Ce nouveau « super-régulateur » pourrait avoir le pouvoir d'affiner les entreprises technologiques en fonction de leurs revenus, voire de les bloquer. Il pourrait également être en mesure de poursuivre des dirigeants individuels. L'organisme proposé pourrait être financé soit par un prélèvement de l'industrie, soit par le produit des amendes qu'il imposerait.
Les propositions ont suscité l'intérêt des universitaires et des observateurs, et alarmé les militants de la protection de la vie privée. Le premier note que bien que le document manque de détails malgré ses dizaines de milliers de mots, il énonce une direction claire d'une manière que peu de pays ont été disposés à faire.
Mais ces derniers craignent que la manière dont il est mis en œuvre ne conduise facilement à la censure des utilisateurs des réseaux sociaux plutôt qu'à freiner les dérives des réseaux eux-mêmes. De telles impressions n'ont pas été aidées lorsque le ministre de l'Intérieur Sajid Javid a approuvé le concept, au moins, de modération préalable du contenu avant sa publication. Les propositions du gouvernement créeraient une réglementation étatique du discours de millions de citoyens britanniques, déclare Jim Killock, directeur exécutif des défenseurs de la confidentialité numérique, Open Rights Group.
Selon Eric Kind, consultant en surveillance et conférencier, les propositions britanniques affirment un devoir de diligence envers les utilisateurs en tant qu'idée centrale et appel de ralliement sous lequel une variété d'options politiques sont assises. Cela représenterait quelque chose de considérablement nouveau pour les entreprises technologiques.
Les plans éloignent également le point de vue du gouvernement de toute idée selon laquelle l'industrie technologique est en quelque sorte apatride ou ingouvernable - jugeant plutôt, probablement à juste titre, que le marché britannique est suffisamment vaste et riche pour donner à l'industrie un puissant intérêt à se conformer même à la législation qu'ils détestaient. .
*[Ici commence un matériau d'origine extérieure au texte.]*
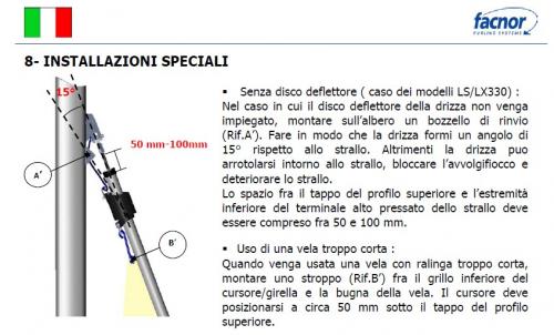 Rollafiocco Facnor SD 180 perde pezzi - Mirtus - 16-11-2015 Ho cercato sul forum ed ho trovato vari post su questo meraviglioso rollafiocco, ho visto che da svariati problemi ma non quello che mi è successo nell'ultima uscita in barca. Dopo una virata con vento sostenuto piove in pozzetto un pezzo di plastica rosso [hide] A causa del vento non sono salito in testa d'albero ma credo di aver capito da che parte del rollafiocco è venuto giù. [hide] qualche idea su come e perché sia potuto succedere proprio a me? ma sopratutto si trovano questi pezzi di ricambio? Finché non vado su a vedere brancolo nel buio. Ogni suggerimento è ben accetto.Ps modello del 2001 RE: Rollafiocco Facnor SD 180 perde pezzi - alessio.pi - 17-11-2015 Io qualche pezzo l'ho trovato a La Spezia ditta settemari ogni tanto fanno degli ordini in Francia e possono inserire anche quello che serve a te. Il problema sono i pezzi che sono carissimi RE: Rollafiocco Facnor SD 180 perde pezzi - albert - 17-11-2015 Caso numero 1: si è svitato il grano ed è caduta una semi boccola, mentre l'altra è ancora in sede. Vai su, reinfili il pezzo e riavviti. Caso numero 2: si è rotta la sede del grano nel piattello, una semiboccola è caduta in barca e l'altra chissà dove. Vai su, tagli via il piattello e metti un guidadrizza. RE: Rollafiocco Facnor SD 180 perde pezzi - zankipal - 17-11-2015 é la tensione della drizza che deforma il disco nero che contiene le due semiboccole rosse, toglilo e mettici un guidadrizze rivettato all'albero, funziona meglio e dura di più se l'albero è frazionato forse non serve RE: Rollafiocco Facnor SD 180 perde pezzi - Mirtus - 17-11-2015 quindi questa semi boccola può essere solo del disco distanziatore ? nel manuale ci sono altri "bearings" ma non capisco se siano dello stesso colore e fattura. L'albero è armato in testa. RE: Rollafiocco Facnor SD 180 perde pezzi - zankipal - 17-11-2015 Le boccole rosse sono del disco devia drizza, quelle del profilo sono simili ma nere se è armato in testa devi metterci un guidadrizza altrimenti rischi di rovinare lo strallo e che ti si blocchi l'avvolgifiocco. è importante RE: Rollafiocco Facnor SD 180 perde pezzi - Mirtus - 17-11-2015 grazie ottima notizia! Quindi guida drizza rivettato, che angolo è consigliabile avere tra drizza e strallo? RE: Rollafiocco Facnor SD 180 perde pezzi - albert - 18-11-2015 Tra 5 e 10 gradi. RE: Rollafiocco Facnor SD 180 perde pezzi - kitegorico - 19-11-2015 Anche io dovrei una volta per tutte sistemare l'angolo della drizza con una guida. Ma un guidadrizza è un qualsiasi ponticello da rivettare all'albero dal quale far passare la drizza prima che vada alla girella? Di che materiale? Poi davvero basta solo rivettare? Non è che i carichi di una drizza di un genoa al 140 (di un piedi) lo fanno saltare? Più o meno dovrebbe essere come da disegno, giusto? [hide] Inoltre il mio genoa se non ricordo male lascia poco spazio tra girella e testa dell'albero. Chissà se avrò spazio per mettere stò benedetto guidadrizza. RE: Rollafiocco Facnor SD 180 perde pezzi - zankipal - 19-11-2015 I produttori di avvolgifiocchi ne fanno di diversi tipi, con puleggia o solo a ponticello smussato, in tutti i casi o rivettati o avvitati lo spazio c'è sempre, per quanto lungo sia il genova, tra terminale profilo e testa girevole, la penna è sempre minimo 20 cm sotto RE: Rollafiocco Facnor SD 180 perde pezzi - albert - 19-11-2015 Istruzioni Facnor (che suggerisce un angolo della drizza di 15 °): [hide] Istruzioni Furlex (ed esempio di guidadrizza): [hide] RE: Rollafiocco Facnor SD 180 perde pezzi - Mirtus - 10-01-2016 aggiornamento: da ispezione ravvicinata il disco deflettore è rovinato e deformato, quindi sicuramente metterò un guida drizza. Pensavo di metterlo poco sopra il buco presente nel profilo superiore dell'albero. Lo strallo sembra stare bene ma la cosa che mi lascia perplesso è che il tappo superiore del profilo del rolla fiocco non c'è ! al suo posto ho trovato un pastrocchio grigio che sembra essere stato messo successivamente senza smontare lo strallo. Non sono riuscito a vedere se almeno le boccole interne siano rimaste al loro posto, però mi chiedo se posso fare a meno del tappo. Unica notizia positiva è che la girella vive e lotta insieme a noi. [hide] RE: Rollafiocco Facnor SD 180 perde pezzi - kitegorico - 03-06-2016 @albert Hai idea di dove si possa trovare il kit guidadrizza della Furlex? RE: Rollafiocco Facnor SD 180 perde pezzi - albert - 03-06-2016 Da Velamania, importatore Selden, oppure dal tuo velaio/rigger che si fornisce da Velamania. Potrei spedirtene uno anch'io, ma se lo trovi in zona risparmi le spese di spedizione. RE: Rollafiocco Facnor SD 180 perde pezzi - RMV2605D - 03-06-2016 Il ponticello guidadrizza evidenziato nelle istruzioni Furlex da Albert ha il difetto che a lungo andare viene segato dalla drizza in acciaio, a me si era segato completamente e lo ho sostituito con un deviatore a puleggia che funziona da 20 anni. Se la drizza è in tessile non dovrebbero esserci problemi a meno che non si usuri il tessile. RE: Rollafiocco Facnor SD 180 perde pezzi - kitegorico - 03-06-2016 Ultimo quesito. Con cosa sarebbe meglio lubrificare le sfere della girella? RE: Rollafiocco Facnor SD 180 perde pezzi - albert - 04-06-2016 [hide]http://www.mclubemarine.com/onedrop[/hide] RE: Rollafiocco Facnor SD 180 perde pezzi - kitegorico - 04-06-2016 Ci sarebbe qualcosa più facile da trovare? Che ne dici del WD40? No, vero? RE: Rollafiocco Facnor SD 180 perde pezzi - Luciano53 - 04-06-2016 Tempo fa ho avuto un lungo colloquio con Facnor Italia per risovere il problema della scollatura della testa della girella, ora risolto. Nell'occasione ho chiesto a voce lumi sulla lubrificazione. Niente, acqua, solo lavaggio con pompa e acqua dolce. Così dice Facnor. RE: Rollafiocco Facnor SD 180 perde pezzi - sailor13 - 04-06-2016 si trova in tutti gli shipachandler, è commercializzato da Harken. Comunque in generale se le sf
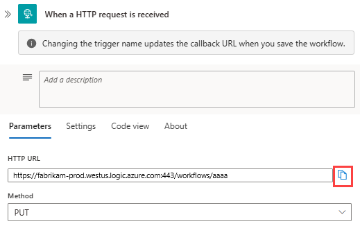 Property name JSON property name Required Description HTTP URL {none} Yes The endpoint URL that's generated after you save your workflow and is used for sending a request that triggers your workflow. Request Body JSON Schema schemaNo The JSON schema that describes the properties and values in the incoming request body. The designer uses this schema to generate tokens for the properties in the request. That way, your workflow can parse, consume, and pass along outputs from the Request trigger into your workflow.

Là où les plans échouent, cependant, c'est dans la mise en œuvre. Toutes les complexités sont renvoyées, soit aux étapes législatives ultérieures, soit au régulateur, soit aux géants de la technologie eux-mêmes. Il y a peu ou pas de tentatives pour définir les préjudices ou pour élaborer des sanctions précises. Là où le rapport tente d'être modéré - par exemple, en disant qu'un nouveau régulateur devrait être attentif à l'innovation - il ne précise pas ce que cela signifie.
Pour certains, ce flou est alarmant. Le Royaume-Uni dispose déjà de certaines des lois les plus strictes au monde - via la loi sur les pouvoirs d'enquête - sur l'accès et la surveillance des internautes et l'obtention de leurs données auprès des fournisseurs.
Compte tenu de la faiblesse du gouvernement britannique et de la (probable) démission imminente de la première ministre Theresa May, il est peu probable que ce livre blanc, sous sa forme actuelle, devienne loi. Mais cela pourrait servir de référence aux régulateurs du Royaume-Uni et d'ailleurs. La voie qu'elle représente est susceptible d'être adoptée par le gouvernement qui succèdera à celui-ci.
Pour le meilleur ou pour le pire, cela pourrait représenter une nouvelle direction pour Internet, du moins en Europe. Pour les États-Unis, avec leur premier amendement, nous pouvons nous attendre à ce que l'histoire se déroule très différemment.